Roanoke Times Copyright (c) 1995, Landmark Communications, Inc. DATE: FRIDAY, February 15, 1991 TAG: 9102150121 SECTION: BUSINESS PAGE: B-5 EDITION: METRO SOURCE: Associated Press DATELINE: WASHINGTON LENGTH: Medium
The Commerce Department reported that business sales slowed to a seasonally adjusted $530.9 billion, even worse than the 1.5 percent decline in November and the biggest drop since they fell 3.1 percent in January 1987.
However, Thursday's report also had a touch of good news. It said business inventories in December dropped 0.7 percent, to a seasonally adjusted $810.7 billion, after advancing 0.2 percent in November and 0.4 percent in October.
In past recessions, big pileups of goods on shelves and back lots caused growing production cutbacks and job layoffs as businesses struggled to sell off their backlogs.
The activity pushed the ratio of inventories-to-sales to 1.53 from 1.5 in November. The ratio means it would take 1.53 months to exhaust the backlog at the December sales pace.

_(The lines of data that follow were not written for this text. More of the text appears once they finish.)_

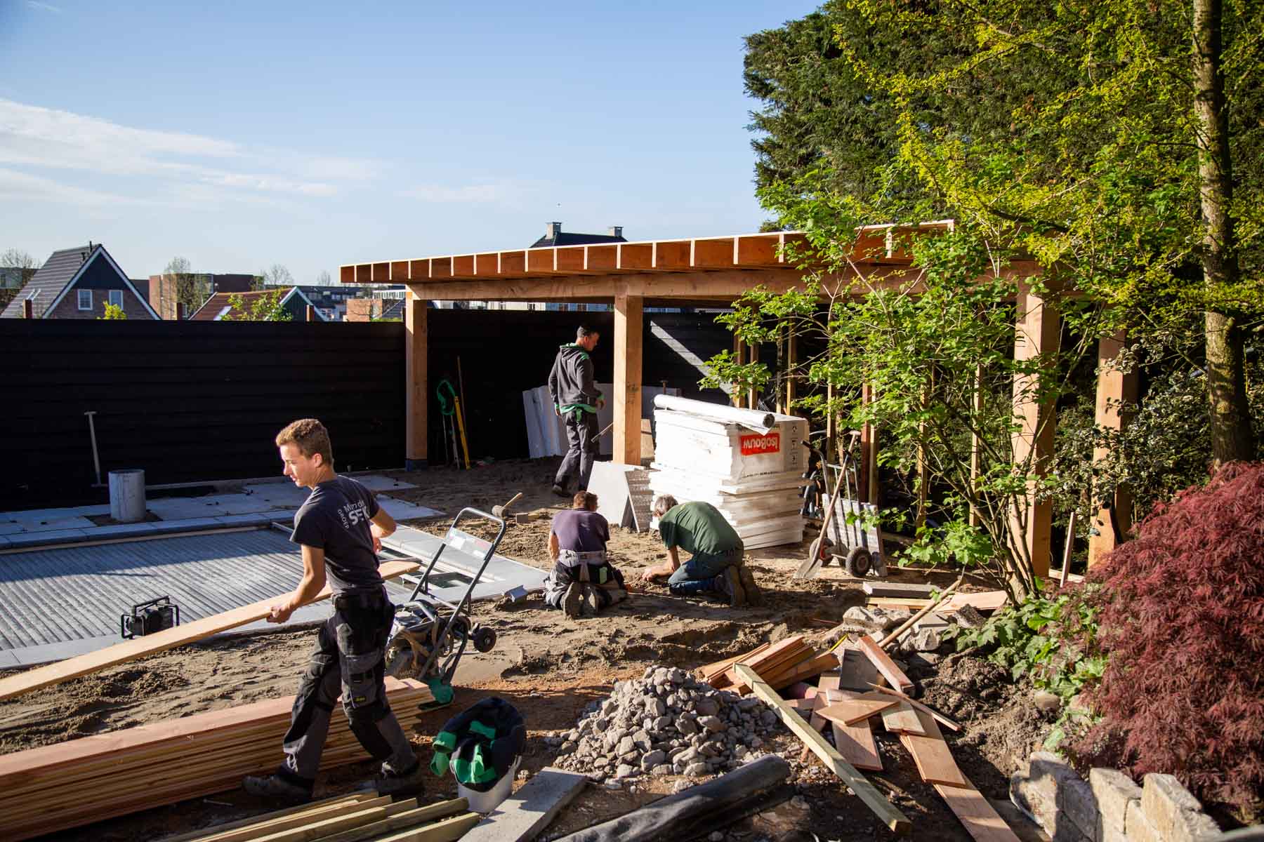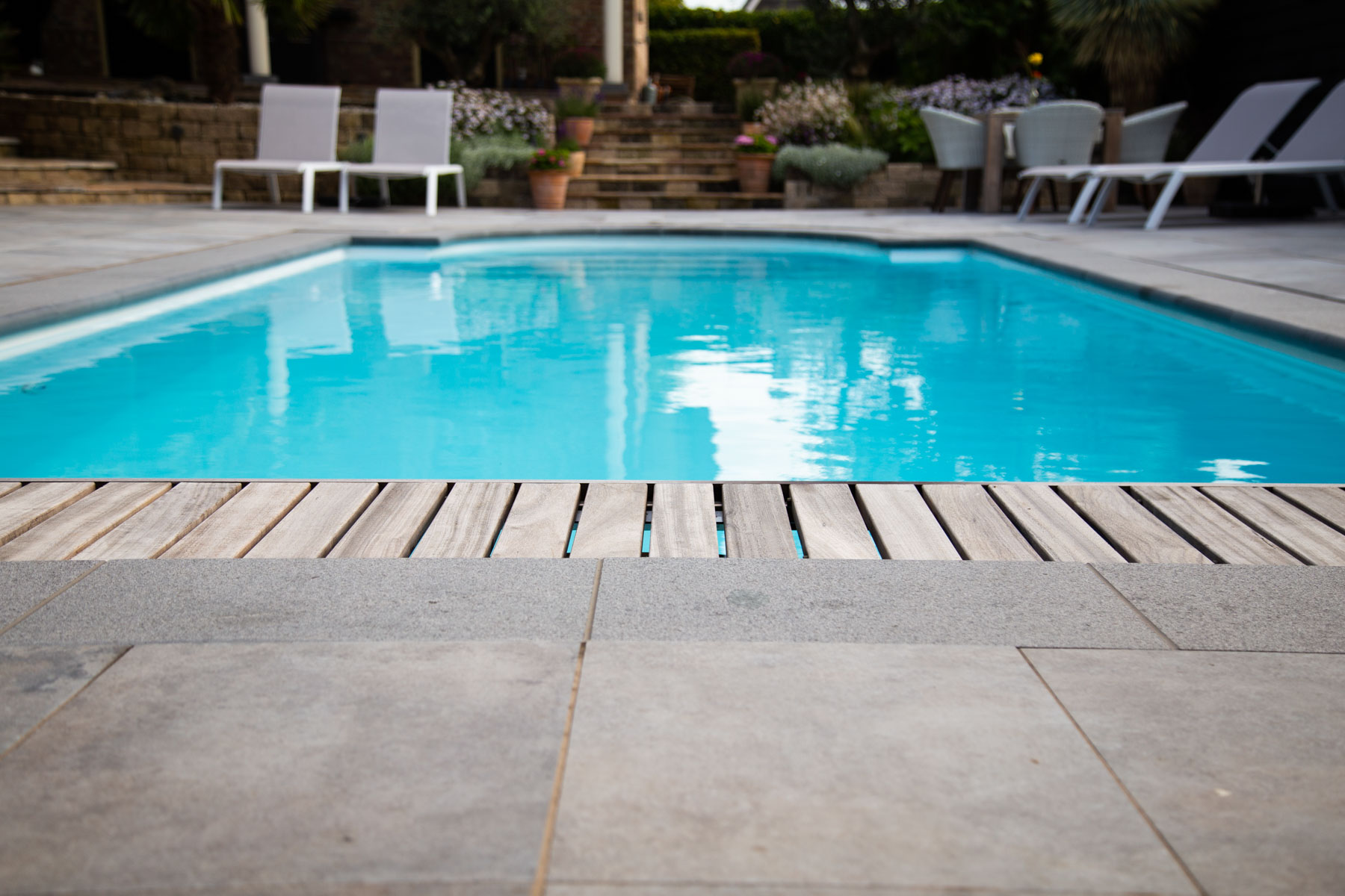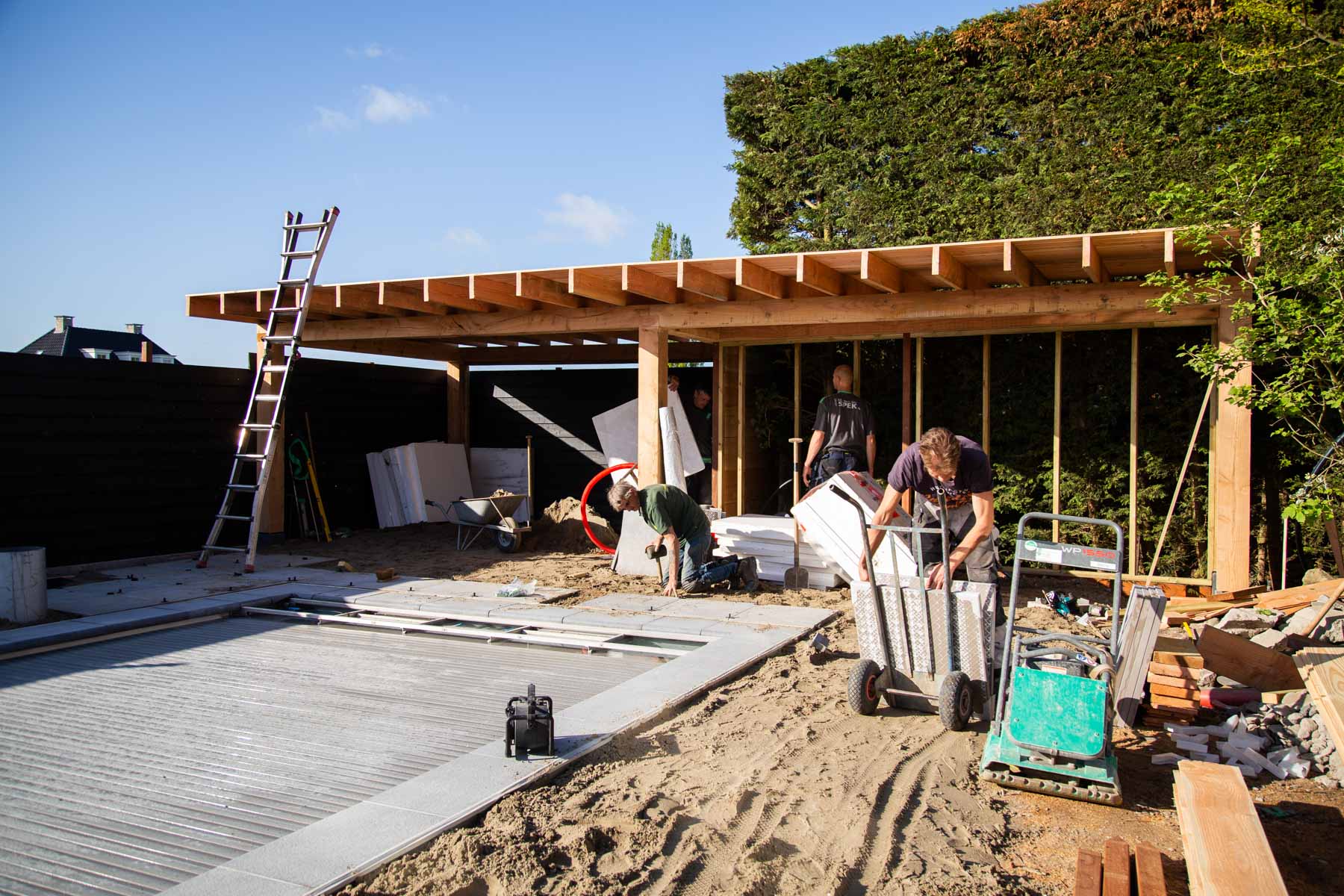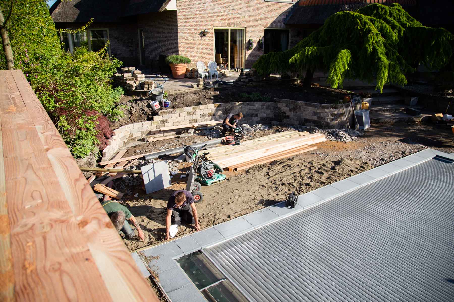 Wanneer je deze tuin binnenstapt, waan je je op een prachtige plek wat het hele jaar door aanvoelt als een luxe resort. In het voorjaar van 2021 zijn we begonnen met de renovatie en aanleg van deze omvangrijke tuin. We begonnen met het plaatsen van betonnen keerwanden en het grondwerk voor het nieuw aan te leggen zwembad. Na het leggen van het fundament, startten onze hoveniers met het houtwerk en de bestrating. Stukje bij beetje veranderde de tuin in een hele nieuwe, luxe omgeving.
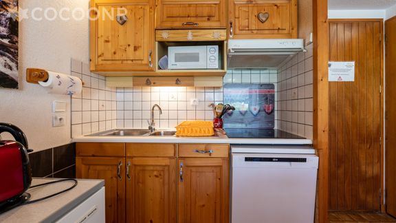 - Une cuisine ouverte équipée avec notamment : bouilloire électrique, four, four à micro-ondes, grille-pain, lave-vaisselle, plaques de cuisson...
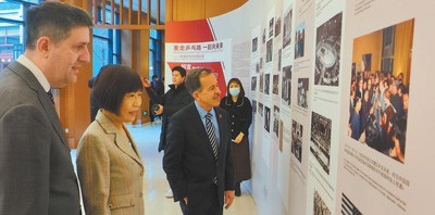 1月6日,弗吉尼亚大学代表团在清华大学参观中美“乒乓外交”图片展。
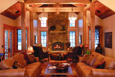So for a home with the aim of expressing the mountain beauty of Montana, she often works in varied brown tones, in textures of wood, leather, and autumn-hued upholsteries. In a room where the windows are framed in wood, with an outside view, including evergreens ascending mountain slopes, echoing that theme in furnishings and accessories makes sense.
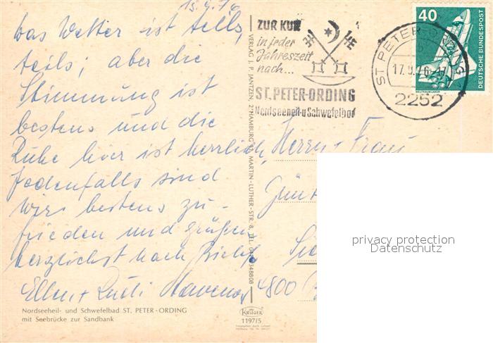73030467 alte Postkarte Peter-Ording St Fliegeraufnahme Seebruecke Sandbank postalisch gelaufen Erhaltung siehe scans [KathaD81] KatCode: 11110001054113
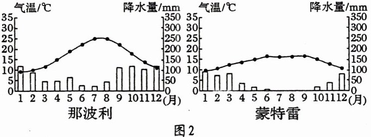 比较那波利和蒙特雷气候特点的不同,并分析其原因。(10分)
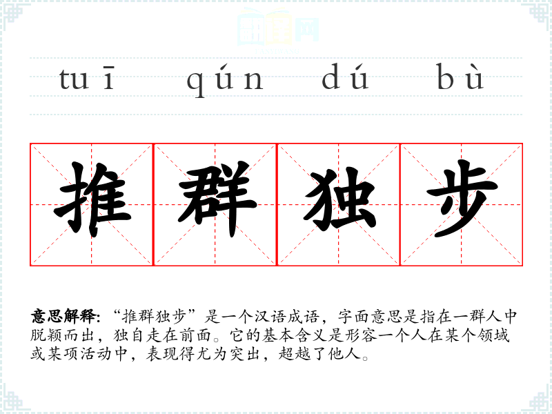 “推群独步”是一个汉语成语,字面意思是指在一群人中脱颖而出,独自走在前面。它的基本含义是形容一个人在某个领域或某项活动中,表现得尤为突出,超越了他人。
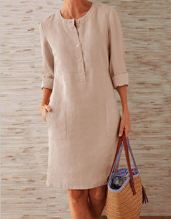 Women's Summer Retro Solid Color Linen Mid-length Shirt Loose Half-sleeved Half-Open Collar Dress$23.99 USDDescribe your product

"Instead of waiting until later in the recession to cut back on inventories, companies clearly are cutting back early," said Bruce Steinberg, an economist with Merrill Lynch Capital Markets in New York. "To some extent, that will moderate the decline."
But at the same time, Steinberg said, "the consumer sector is retrenching at this point about as much as had happened in the early '80s and '70s" when the two deepest postwar recessions occurred.
In addition to the 1.5 percent decline in retail purchases, manufacturing sales plunged 3.4 percent after a 2.5 percent drop in November. Sales on the wholesale level were off 1.2 percent after falling 1.5 percent the previous month.
Retail inventories declined 0.8 percent in December and 0.2 percent in November. They were off a similar 0.8 percent on the manufacturing level and 0.3 percent on the wholesale level. Manufacturing inventories had risen 0.2 percent in November, while wholesale backlogs grew 0.7 percent.